Di samping itu, dalam kedua kitab tersebut terdapat kesamaan linguistik dan
teologis, yang menunjukkan bahwa keduanya berasal dari seorang penulis. Kedua
kitab itu juga berisi pokok pembicaraan yang sama.[32] Namun, secara internal,
naskah Injil ini anonim.
Bukti internal dalam Kisah, terutama dari penggunaan kata ganti orang
pertama jamak dalam narasinya, menunjukkan bahwa penulisnya adalah kawan
sekerja Paulus.[33]
Bukti lain kita temukan dalam surat-surat Paulus, di mana Paulus menyebut Lukas
sebagai ‘tabib terkasih.’ Sementara ahli PB memang melihat penggunaan
terminologi-terminologi medis dalam kedua kitab itu.[34]

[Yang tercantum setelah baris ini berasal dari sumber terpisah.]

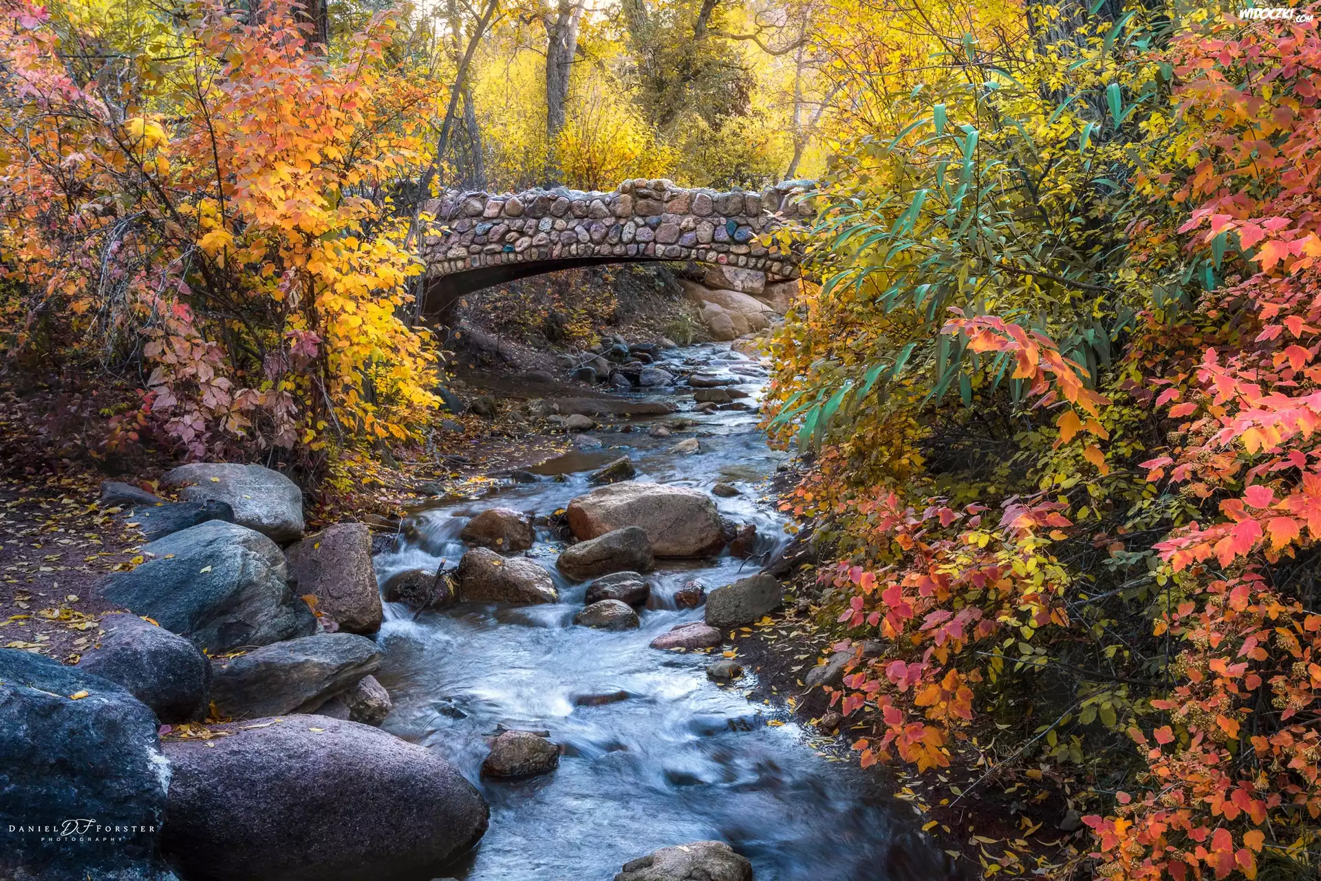 Jesień, Potok, North Cheyenne Creek, Kamienie, Most, Kolorowe, Drzewa, Krzewy, Colorado Springs, Kolorado, Stany Zjednoczone |

Pandangan tradisional bahwa Lukas adalah penulis Injil ketiga diterima
secara luas di kalangan ahli-ahli PB.[35] Namun, di antara
ahli-ahli biblika mutakhir tidak ada kesepakatan mengenai siapakah penulis
Injil Lukas yang sebenarnya.[36]
b) Waktu
penulisan
Beberapa ahli
PB berpendapat bahwa Injil ini ditulis di antara 80-90.[37] Menurut Donald Guthrie,
Injil ini telah dikenal sebelum akhir abad pertama dan diakui sejak awal abad
kedua.[38] Sedangkan Helmut Koester
menyatakan bahwa kecuali dari Marcion, tidak ada bukti yang pasti bahwa Injil
ini telah dikenal sebelum 150.[39]
Banyak ahli biblika dewasa ini berpendapat bahwa Lukas menggunakan Markus
sebagai salah satu sumbernya.[40] Jika benar bahwa Markus
ditulis di sekitar keruntuhan Bait Allah di Yerusalem, maka Lukas pasti tidak
mungkin ditulis sebelum 70. Pandangan ini juga meyakini bahwa prediksi Lukas
mengenai keruntuhan Bait Allah bukanlah akibat ramalan ajaib Yesus tentang apa
yang akan terjadi di masa depan, melainkan ditulis berdasar pengetahuan setelah
fakta itu terjadi. Mereka meyakini bahwa pembicaraan dalam Lukas 21:5-30 hanya mungkin terjadi jika Injil ini ditulis
setelah 70.[41]
Para ahli yang mendukung pendapat ini mengusulkan bahwa waktu penulisan Injil
Lukas adalah di antara 75–100. Marcion (144) telah menggunakan Injil ini, namun
ia menyebutnya sebagai “Injil Tuhan.”[42]
Beberapa ahli PB mengusulkan waktu penulisan yang lebih awal, yaitu sekitar
37-61.[43] Hal ini didasarkan pada
alasan bahwa Injil ini ditujukan untuk ‘Teofilus yang mulia,’ yang rupanya
menunjuk pada Teofilus ben Ananus, Imam Besar Israel pilihan pemerintah Romawi
antara tahun 37–41. Seandainya pendapat ini benar, maka Injil ini ditulis
sekitar 4-8 tahun setelah kematian Yesus.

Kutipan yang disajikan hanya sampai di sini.